Nick Reiner spent year struggling with addiction and with help from his father, Hollywood legend Rob Reiner, told his story to the world.
On Monday, Nick was booked into the L.A. County jail on suspicion of murder, hours after Reiner and his wife were found dead inside their Brentwood home.
Nick cycled in and out of rehab centers and experienced bouts of homelessness as a teenager.

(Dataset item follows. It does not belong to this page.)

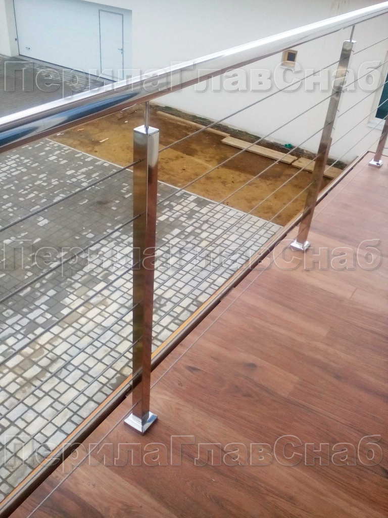 Ограждения из нержавейки. Заполнение из 4х тросиков. Квадратные стойки.

He had gotten clean by 2015, when he worked with his father on “Hey Charlie,” a semi-autobiographical film about addiction and recovery. Rob Reiner directed and Nick co-wrote the film about a successful actor with political ambitions and a son addicted to drugs.
Many aspects of the movie were inspired by Nick’s relationship with his father — including a line where the father character tells his son, “I’d rather you hate me and you be alive.” Nick said in a 2016 interview with AOL that he “didn’t bond a lot” with his father while he was growing up.
Nick gave an interview about “Hey Charlie” alongside his family at the Toronto Film Festival in 2015, saying that his decision to quit heroin was driven by a practical realization.
“I got sick of doing that,” he told The Times. “I come from a nice family. I’m not supposed to be out there on the streets and in homeless shelters doing all these … things.”
During the interview, Rob said he regretted valuing the advice of counselors over the voice of his son.
“When Nick would tell us that it wasn’t working for him, we wouldn’t listen,” he said. “We were desperate, and because the people had diplomas on their wall, we listened to them when we should have been listening to our son.”
Michele added: “We were so influenced by these people. They would tell us he’s a liar, that he was trying to manipulate us. And we believed them.”
Nick talked about the many different rehab centers and programs he tried without success. In 2016, he told People magazine that he lived on the streets because he refused to go to the rehab facilities his parents recommended.
“If I wanted to do it my way and not go to the programs they were suggesting, then I had to be homeless,” he said.
He told the magazine that he could have died on the streets.
“It’s all luck,” he said. “You roll the dice and you hope you make it.”
At the time of the premiere, The Times reported that Rob Reiner and his wife at their worst moments “wondered if there was an end in sight, and whether it would be the tragic one that a voice in the back of their heads kept telling them was coming.”
Rob Reiner said the filming brought up tough memories.
“It was very, very hard going through it the first time, with these painful and difficult highs and lows,” he said. “And then making the movie dredged it all up again.”
But he said the process of making the movie was therapeutic, allowing them to work through a lot of past trauma and develop a closer relationship.
Police have released few details about the killing.
The couple was found at the home in the 200 block of Chadbourne Avenue on Sunday afternoon.
Early in his career, Rob Reiner played Michael “Meathead” Stivic on the iconic sitcom “All in the Family” from 1971 to 1979, alongside Carroll O’Connor as Archie Bunker.
As a director, Reiner helmed a string of hits including “When Harry Met Sally,” “The Princess Bride” and “This Is Spinal Tap.” His work took a dramatic turn when he directed the 1986 adaptation of Stephen King’s novella “Stand by Me.”
In interviews, Nick praised his parents for helping him find sobriety but also said he was trying to forge his own life.
NPR asked them whether they’d want to work together again after “About Charlie.”
“I think for now, it’s best for me at least to be sort of independent. But that’s not to say I didn’t have an amazing experience,” Nick said. (Based on IMBD, he did not have any other movie roles.)
Rob added: “He was the heart and soul of the film and any time I would get an opportunity to work with him I would do it, but I do understand him wanting to forge his own way. I do know what that’s about, I went through it, and he’s brilliant and talented and he’s going to figure out his path.”